The smell of trivia
A good number of the reactions to President Muhammadu Buhari’s announcement that Nigeria has joined the Islamic Coalition Against Terrorism, show quite clearly that many Nigerians do not fully understand the president’s motives for this decision. With the rise of the Boko Haram Terrorist group of the past few years, Nigeria faces a threat such as no other in its entire history and existence. Desperate times require desperate, unusual, measures.
The girls in Gwoza who were raped by militants do not care where the help comes from as far as they will eventually be able to move about freely without fear of being kidnapped and used as sex slaves. The mothers in Bama whose sons were slaughtered before their eyes do not worry whether Boko Haram is defeated by a Christian or Muslim coalition. The hundreds of thousands in IDP camps are concerned simply about when they can safely return to their homes and resume their normal lives. For these ones most hard hit by the Boko Haram terrorists, whether the help they so desperately need comes from the United States of America or from Saudi Arabia does not matter.
One of the main thrusts of President Buhari’s campaign was the war on terror. He promised that his administration would bring an end to Boko Haram, and set about doing just that as soon as he was elected, travelling to different countries and meeting with various heads of state to discuss the way forward on the issue. At the time, no Nigerian worried that President Buhari was seeking help from the West. No one worried about the ideology of those willing and able to help our country to defeat terror. Nigerians were simply united with their President in a determination to bring Boko Haram to an end so that our brothers and sisters in the northeast can resume their normal lives.
It is on account of these people and their desperate situation, and on the basis of national interest only, that President Buhari accepted the offer, with both hands, of assistance from G7 countries at the commencement of his administration. Religion was not a consideration then. It is also not a consideration now that he has made the decision to embrace help in fighting terror from the Middle-East. The safety of Nigerians and the total annihilation ofBoko Haram is of more importance than the unfounded worries of Nigeria’s so-called Islamisation.

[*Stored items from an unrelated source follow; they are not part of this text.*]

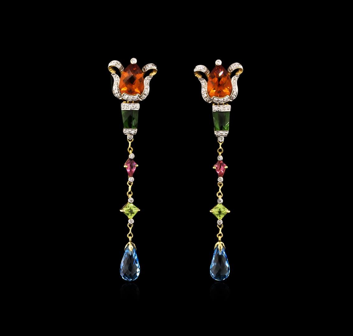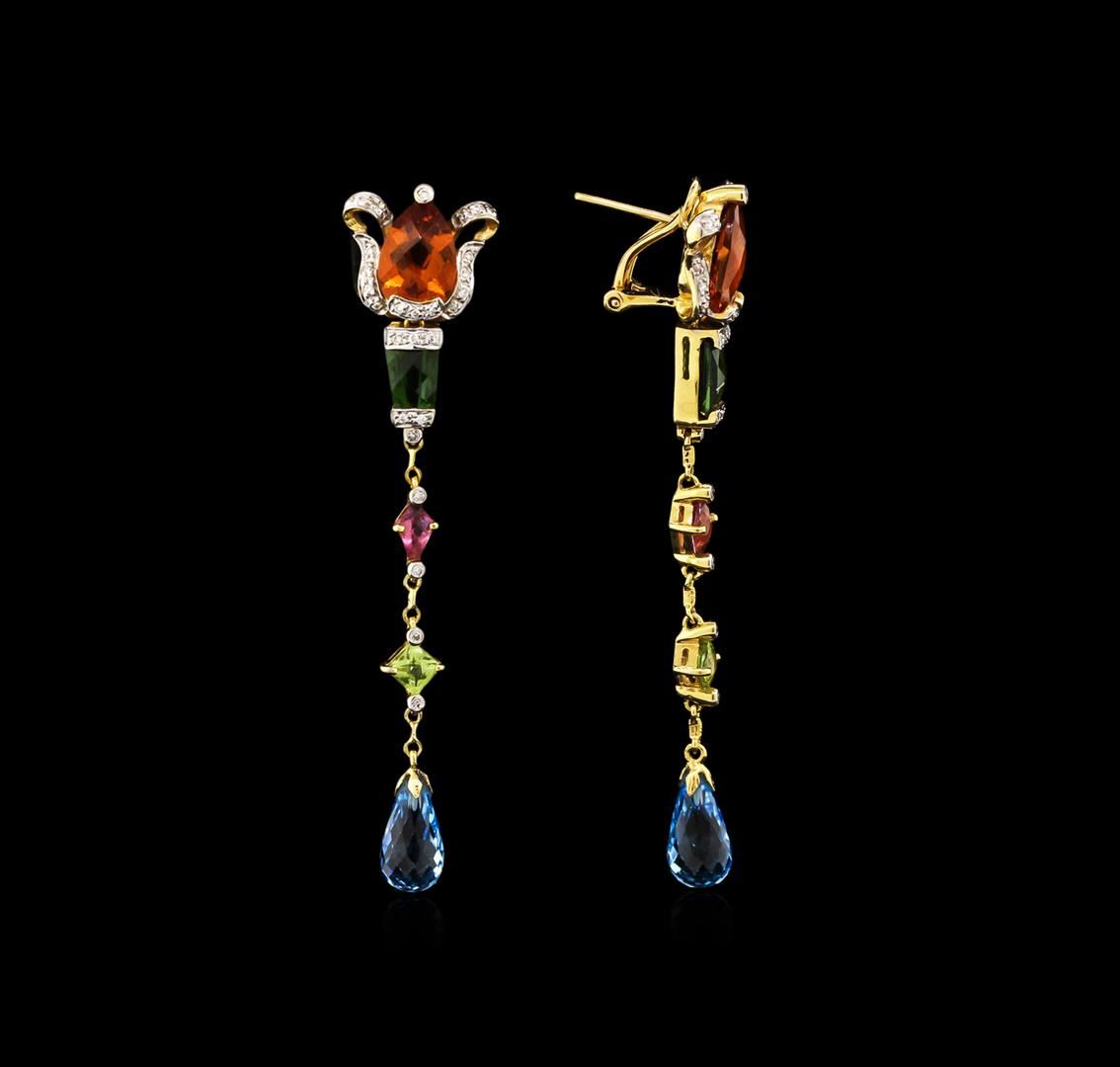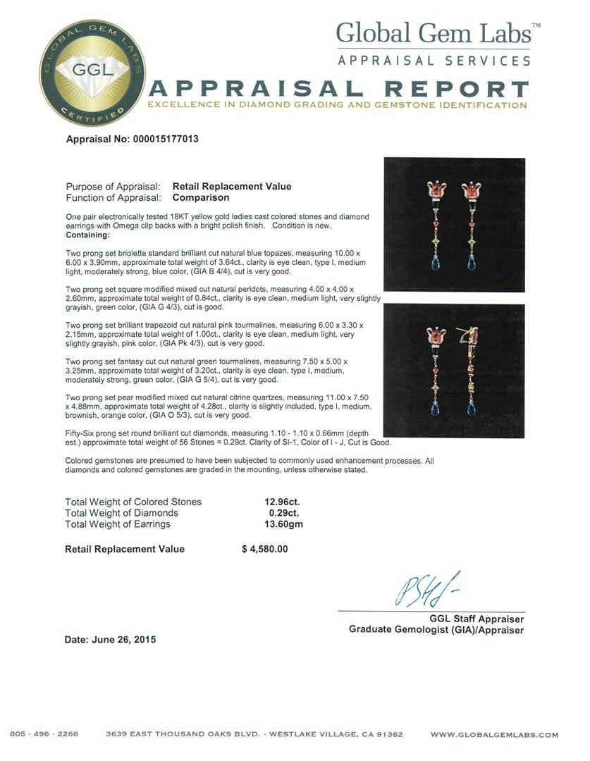 One pair electronically tested 18KT yellow gold ladies cast colored stones and diamond earrings with Omega clip backs with a bright polish finish. Condition is new. Containing: Two prong set briolette standard brilliant cut natural blue topazes, measuring 10.00 x 6.00 x 3.90mm, approximate total weight of 3.64ct., clarity is eye clean, type I, medium light, moderately strong, blue color, (GIA B 4/4), cut is very good. Two prong set square modified mixed cut natural peridots, measuring 4.00 x 4.00 x 2.60mm, approximate total weight of 0.84ct., clarity is eye clean, medium light, very slightly grayish, green color, (GIA G 4/3), cut is good. Two prong set brilliant trapezoid cut natural pink tourmalines, measuring 6.00 x 3.30 x 2.15mm, approximate total weight of 1.00ct., clarity is eye clean, medium light, very slightly grayish, pink color, (GIA Pk 4/3), cut is very good. Two prong set fantasy cut cut natural green tourmalines, measuring 7.50 x 5.00 x 3.25mm, approximate total weight of 3.20ct., clarity is eye clean, type I, medium, moderately strong, green color, (GIA G 5/4), cut is very good. Two prong set pear modified mixed cut natural citrine quartzes, measuring 11.00 x 7.50 x 4.88mm, approximate total weight of 4.28ct., clarity is slightly included, type I, medium, brownish, orange color, (GIA O 5/3), cut is very good. Fifty-Six prong set round brilliant cut diamonds, measuring 1.10 - 1.10 x 0.66mm (depth est.) approximate total weight of 56 Stones = 0.29ct. Clarity: SI-1. Color: I - J, Cut is Good. Colored gemstones are presumed to have been subjected to commonly used enhancement processes. All diamonds and colored gemstones are graded in the mounting, unless otherwise stated. Total Weight of Colored Stones 12.96ct. Total Weight of Diamonds 0.29ct. Total Weight of Earrings 13.60 grams. GGL Appraised at $4,580.00.
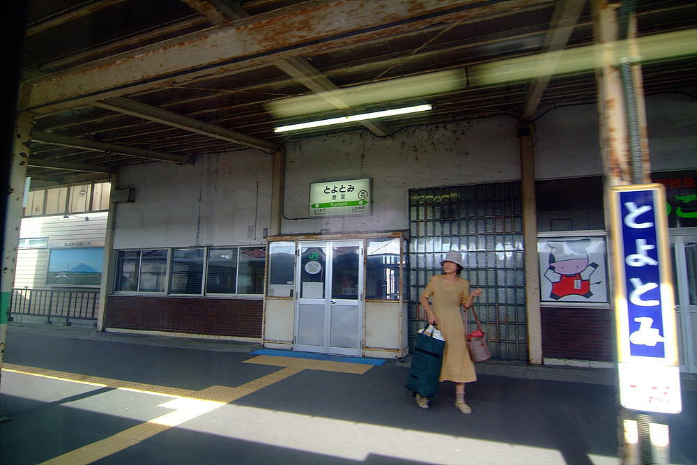 <사진 907> 도요토미 역입니다. 낙농업이 발달한 곳 답게, 젖소 그림이 있습니다.
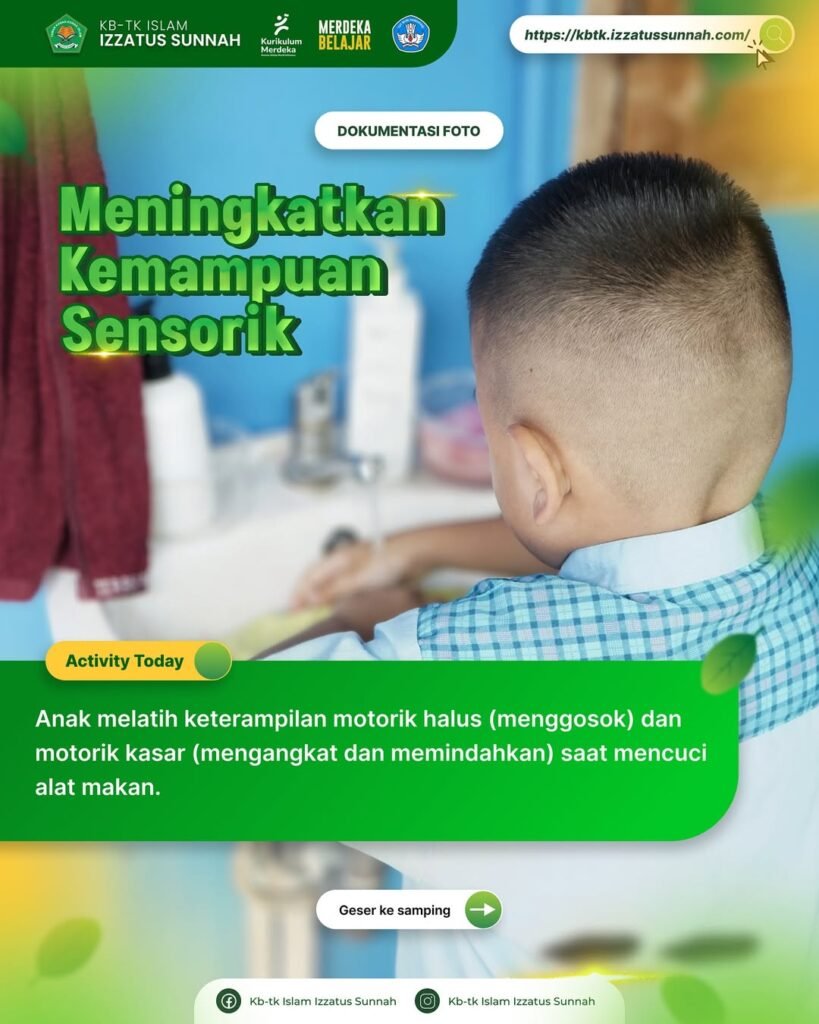 - Meningkatkan kemampuan sensorik, Anak melatih keterampilan motorik halus (menggosok) dan motorik kasar (mengangkat dan memindahkan) saat mencuci alat makan.
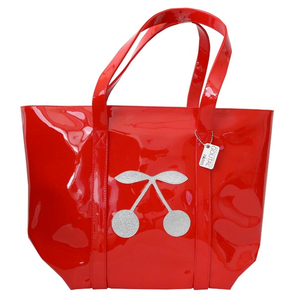 Elle a tenu à présenter son sac préféré : le cabas school Anne-Charlotte Goutal rouge et blanc à motif cerises dont raffolent toutes ses copines !
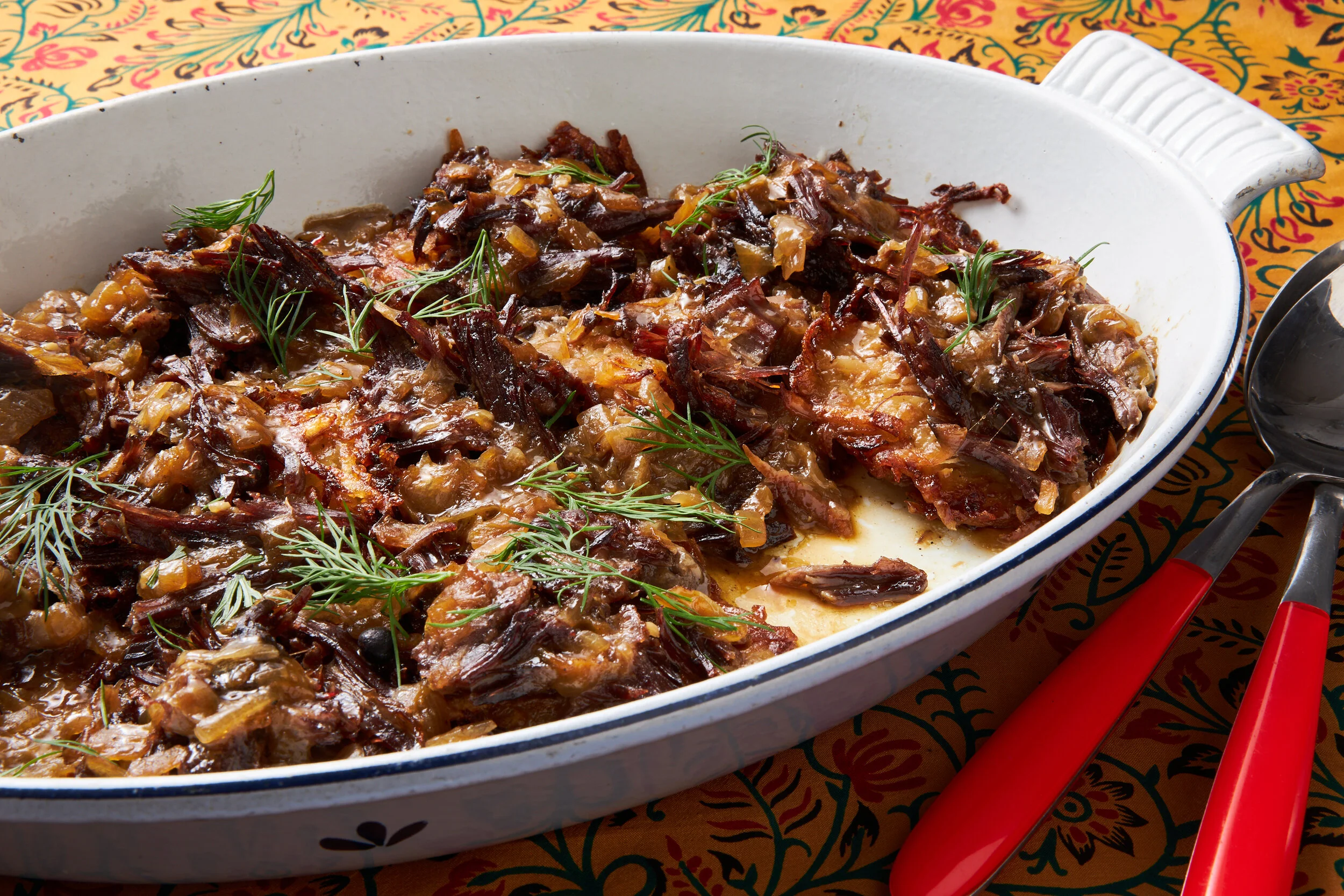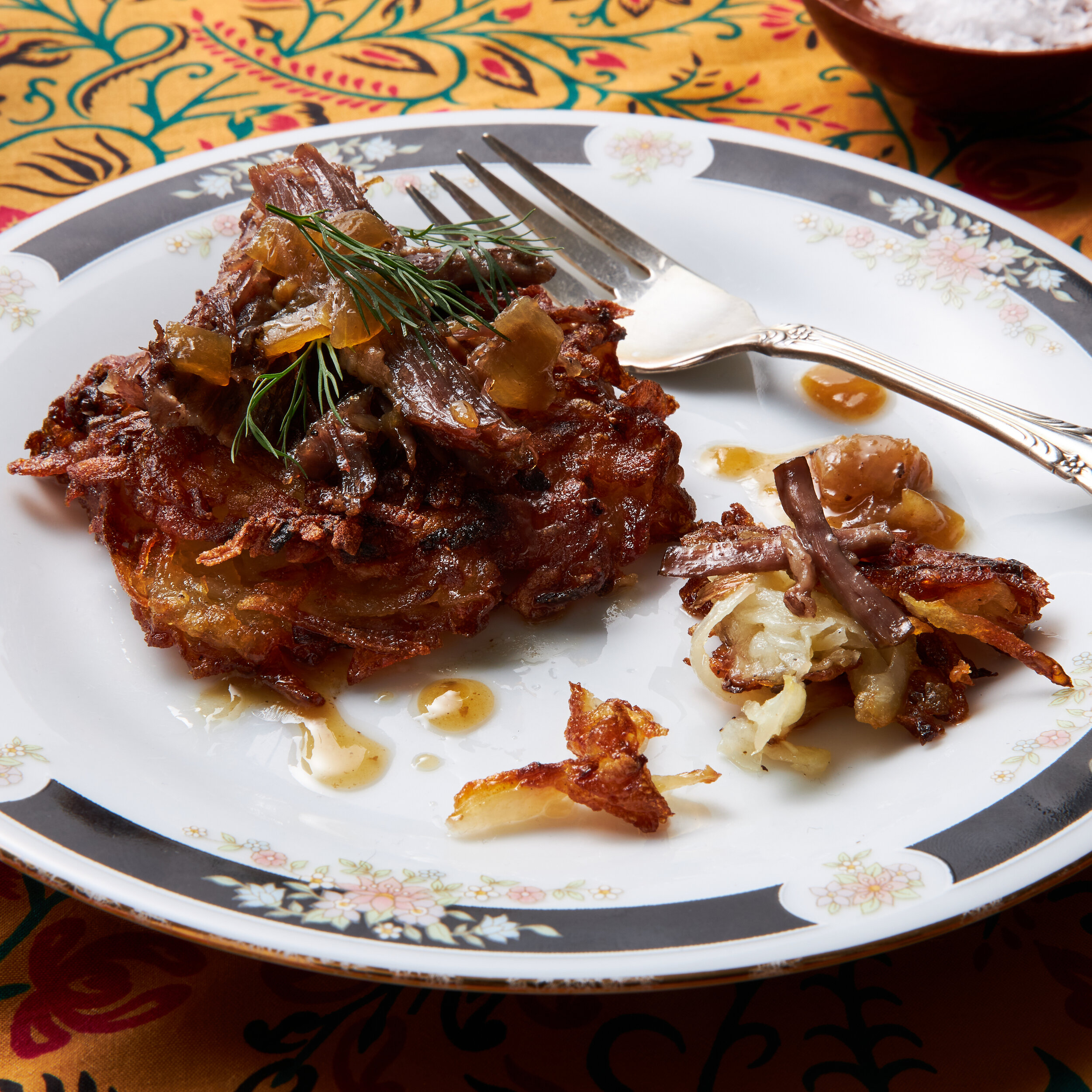 Today, Elizaveta makes latkes for her family often. Her rendition nods to abundance, topping potato pancakes with rich braised beef. It’s a recipe and tradition she brought with her when she left Ukraine in 1991 for California, the year after her mother passed, and to New York where she retired.
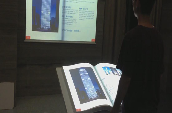 電子翻書:主要是由電子設備和投影技術組成,它不同于空中翻書是飄在空中的,是有實體的書模型,上面是投影機投射下的內容,人在做出翻書動作的同時也會發生脆脆的聲響,就像正在看普通書籍樣。
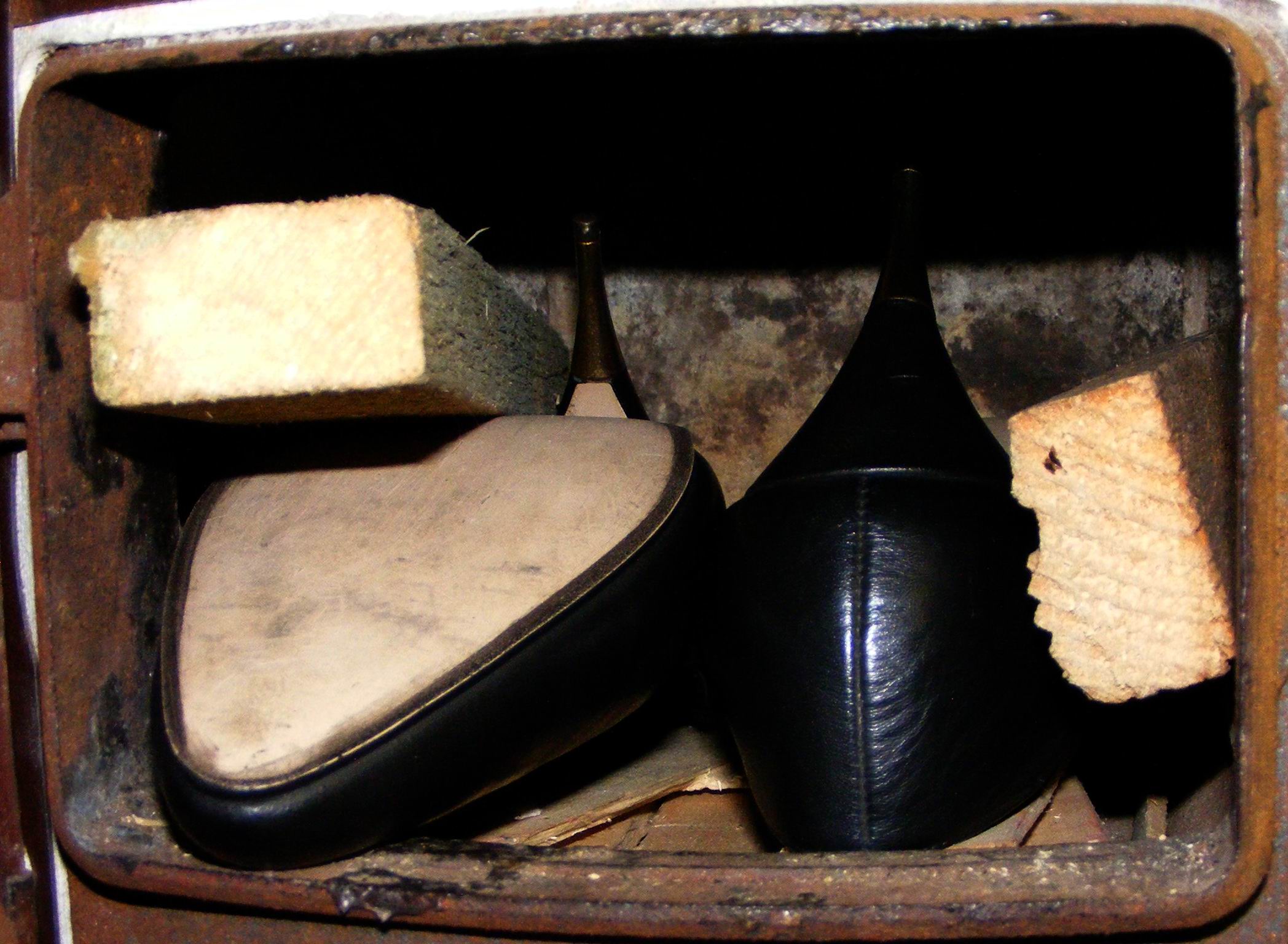 Da ich ja meinen oft getragenen Schätzchen kein ernsthaftes Leid antun würde, habe ich mich für eine Kopfkino-Serie entschieden. Als Kulisse dient natürlich wieder mein (Ex-) Badeofen, der zu Lebzeiten sicher weit über 3.000 Paar zarte Lederschühchen gefressen hat! :twisted: :twisted: :twisted:
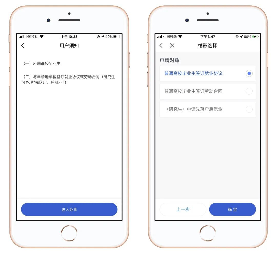 申请对象包含普通高校毕业生签订就业协议、普通高校毕业生签订劳动合同、(研究生)申请先落户后就业。
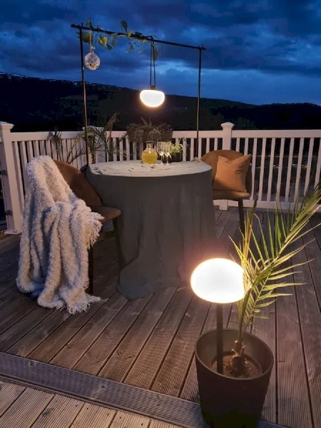 Deze buitenlamp van Nordlux heeft een ingebouwde batterij en is daarmee op elke gewenste plek in de tuin te plaatsen. Daarnaast is de lichtsterkte eenvoudig in te stellen op drie niveaus om de ideale sfeer te creëren. De batterij gaat maximaal zo’n 5 uur mee op vol vermogen en zelfs langer als je de lamp alleen voor sfeerverlichting gebruikt. Daarnaast is de batterij eenvoudig op te laden via een USB-aansluiting.
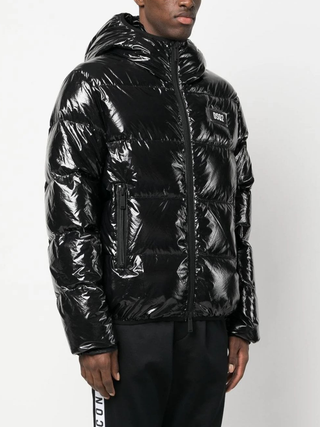 Dsquared2 Logo Patch Hooded Down Coat in Black
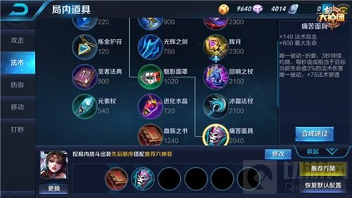 不用多想,先出血族之书,理由有三。第一,它便宜,只需要1240金币;第二,它增加20%法术吸血能力,保证貂蝉的持续对线;第三,它提供的10%冷却缩减,在大招开启情况下的貂蝉,能多次使用1、2技能配合被动打出巨幅伤害。另外的核心装备痛苦面具,更多是配合被动来触发折磨效果,而且中后期开始就需要法术穿透的支持,才能保证伤害可以打的购足。虽然回响之杖也是貂蝉的核心装,不过因为单人solo地图就没有必备选出,因为这件装备更适合打团。
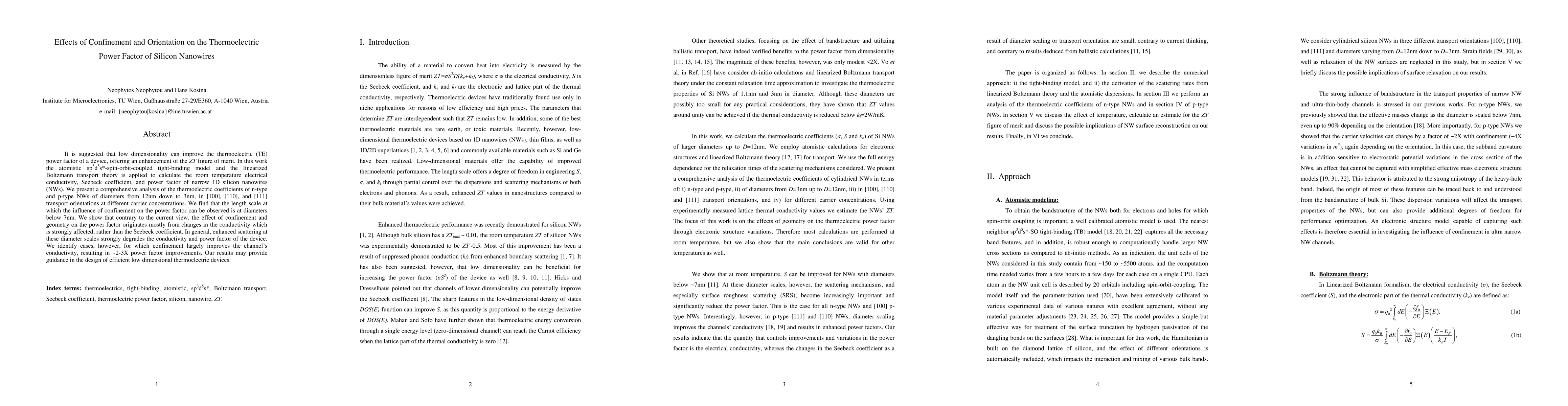 Research on silicon nanowires found that confinement and orientation can improve thermoelectric power factor, with significant improvements seen at diameters below 7nm. This suggests a new direction for designing efficient low-dimensional thermoelectric devices.

Those efforts by President Buhari led to several gains, including the technical defeat of Boko Haram by the end of 2015 as he had promised during the election campaigns. Once again, our Commander-in-Chief has sought help where he believes our country will benefit and the religious affiliation or ideology of our benefactors should not be the paramount consideration. It is simply one of those cases where the enemies of our enemy have become our enemy. The enemy of terrorists all around the globe is our friend.
The fears that our country’s membership in this coalition will draw Islamic State, ISIS’s attention to Nigeria are too late. As the President has repeatedly maintained, it is Boko Haram that proclaimed allegiance to ISIS, thereby dragging us into the global terrorism network. By pledging allegiance to ISIS, the terrorists already drew the international terror group’s attention to this part of the world. ISIS proudly and openly accepted this proclamation of allegiance. They have their sights set on us already.
Terrorism is heathen and knows no religion. It can only be defeated by the unity of entire humanity. Criticism of the membership of this alliance only shows our disarray and a lack of unity against terror and will only make the terrorists happy. The fears of so-called Islamisation are strange and unfounded, and meant only to feed the fear and suspicions existing among Nigerians.
With a precedent as shown above, it will be unkind and uncharitable of anyone to accuse President Buhari of executing deception. In an unusually harsh commentary, this country’s most respected newspaper The Punch on Sunday succeeded in exactly doing this. Read this:
“The presidency’s doublespeak on Nigeria’s membership of the Saudi Arabia-led anti-terror Islamic coalition is unfortunate in the extreme. In the beginning, an aide to the president on media and publicity issued a statement to the effect that the president had declined Nigeria’s membership of the coalition and therefore did not attend its meeting while on a diplomatic visit to Saudi Arabia.
But barely two weeks after, President Muhammadu Buhari himself confirmed Nigeria’s membership of the coalition in an interview with a foreign television station, Al- Jazeera. Buhari, who never tabled such a sensitive matter before the National Assembly, said there are terrorists in Nigeria who have claimed to be Muslims. So, according to the him, “We are part of it because we have got terrorists in Nigeria who claim that they are Islamic. So, if there is an Islamic coalition to fight terrorism, Nigeria will be part of it because we are casualties of Islamic terrorism.
“This explanation is simplistic, to say the least and does not do any good to expected political astuteness of President Buhari. In the main, membership of any such coalition is unacceptable for it offends the sensibilities of Nigerians in their diverse inclinations and should be reversed.”
Sensibilities offended? Can anyone face the more than two million unhoused, mostly Muslim refugees displaced by terror now being fed, almost exclusively by Christian charities that it is offensive them, or that it matters to them who, between Christians and Muslims is supplying the next meal? The one who raised a tent over their heads?
Let me say that the presidential aide in question is no other than myself. Although I write statements emanating from the Presidency, I don’t choose what headline writers will use to caption those stories.
• Garba Shehu is SSA to the President (Media and Publicity).